> [Exercise prompt]:
Take the data below and copy exactly the lines starting at the one with "½Ç¸° ±ÛÀÇ ÃʰíÀÔ´Ï´Ù." and finishing at the one with "24 oz double", both included.

> [Data records]:
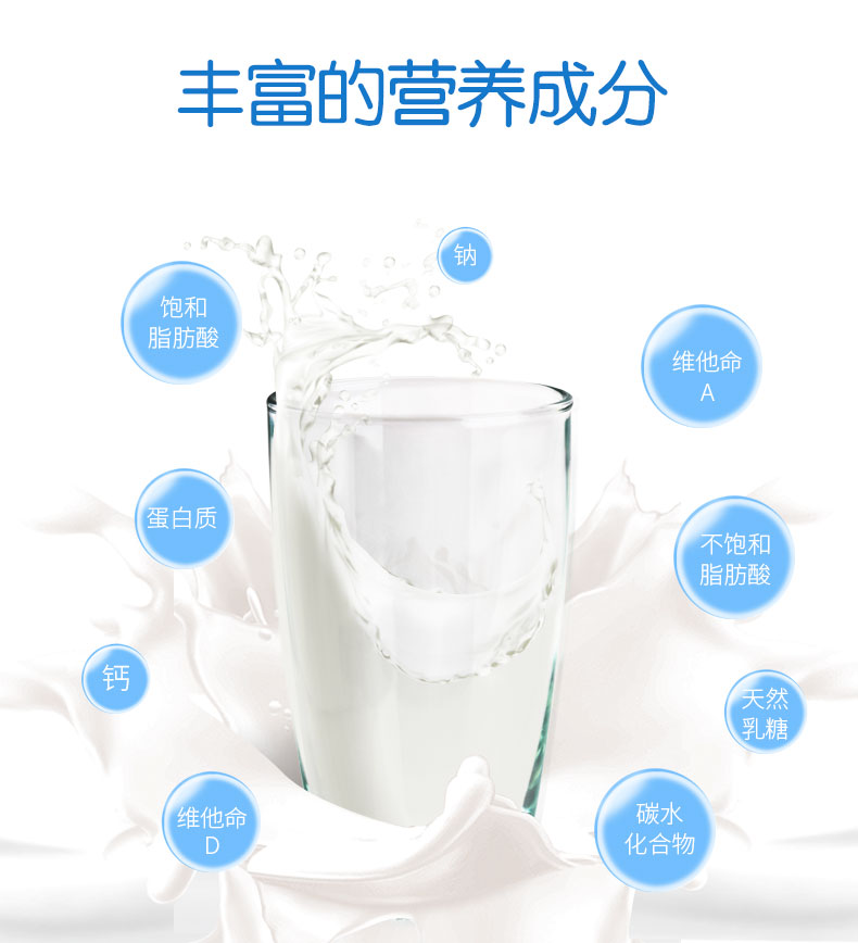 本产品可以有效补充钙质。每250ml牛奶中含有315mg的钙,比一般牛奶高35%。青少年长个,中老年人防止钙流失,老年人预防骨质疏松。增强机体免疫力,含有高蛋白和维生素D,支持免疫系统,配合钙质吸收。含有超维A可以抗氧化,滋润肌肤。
==
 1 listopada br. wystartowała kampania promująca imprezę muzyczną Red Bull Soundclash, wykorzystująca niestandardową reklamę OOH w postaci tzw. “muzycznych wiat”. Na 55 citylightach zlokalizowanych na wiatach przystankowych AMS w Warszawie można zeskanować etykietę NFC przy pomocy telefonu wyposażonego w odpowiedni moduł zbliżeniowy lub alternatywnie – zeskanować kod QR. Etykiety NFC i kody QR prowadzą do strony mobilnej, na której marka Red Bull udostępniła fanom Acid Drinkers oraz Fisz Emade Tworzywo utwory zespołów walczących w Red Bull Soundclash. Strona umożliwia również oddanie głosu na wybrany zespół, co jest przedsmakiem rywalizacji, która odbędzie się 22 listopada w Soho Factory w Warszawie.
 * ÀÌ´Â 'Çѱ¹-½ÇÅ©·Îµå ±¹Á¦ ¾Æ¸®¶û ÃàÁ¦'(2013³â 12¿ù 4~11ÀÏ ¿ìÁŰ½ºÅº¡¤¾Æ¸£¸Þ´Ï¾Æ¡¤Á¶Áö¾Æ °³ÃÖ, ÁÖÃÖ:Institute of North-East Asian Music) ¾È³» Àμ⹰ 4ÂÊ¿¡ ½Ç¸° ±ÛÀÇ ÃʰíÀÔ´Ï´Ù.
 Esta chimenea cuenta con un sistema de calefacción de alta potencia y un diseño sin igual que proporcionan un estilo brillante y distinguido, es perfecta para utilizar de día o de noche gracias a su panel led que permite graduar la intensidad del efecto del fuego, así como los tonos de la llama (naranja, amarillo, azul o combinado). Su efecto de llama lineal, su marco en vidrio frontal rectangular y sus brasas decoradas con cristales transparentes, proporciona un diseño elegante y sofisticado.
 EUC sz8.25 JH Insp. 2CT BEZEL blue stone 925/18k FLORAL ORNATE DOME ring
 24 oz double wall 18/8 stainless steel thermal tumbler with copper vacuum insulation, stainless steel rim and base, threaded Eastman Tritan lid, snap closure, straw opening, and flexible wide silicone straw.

> [Solution for this exercise]:
 * ÀÌ´Â 'Çѱ¹-½ÇÅ©·Îµå ±¹Á¦ ¾Æ¸®¶û ÃàÁ¦'(2013³â 12¿ù 4~11ÀÏ ¿ìÁŰ½ºÅº¡¤¾Æ¸£¸Þ´Ï¾Æ¡¤Á¶Áö¾Æ °³ÃÖ, ÁÖÃÖ:Institute of North-East Asian Music) ¾È³» Àμ⹰ 4ÂÊ¿¡ ½Ç¸° ±ÛÀÇ ÃʰíÀÔ´Ï´Ù.
 Esta chimenea cuenta con un sistema de calefacción de alta potencia y un diseño sin igual que proporcionan un estilo brillante y distinguido, es perfecta para utilizar de día o de noche gracias a su panel led que permite graduar la intensidad del efecto del fuego, así como los tonos de la llama (naranja, amarillo, azul o combinado). Su efecto de llama lineal, su marco en vidrio frontal rectangular y sus brasas decoradas con cristales transparentes, proporciona un diseño elegante y sofisticado.
 EUC sz8.25 JH Insp. 2CT BEZEL blue stone 925/18k FLORAL ORNATE DOME ring
 24 oz double wall 18/8 stainless steel thermal tumbler with copper vacuum insulation, stainless steel rim and base, threaded Eastman Tritan lid, snap closure, straw opening, and flexible wide silicone straw.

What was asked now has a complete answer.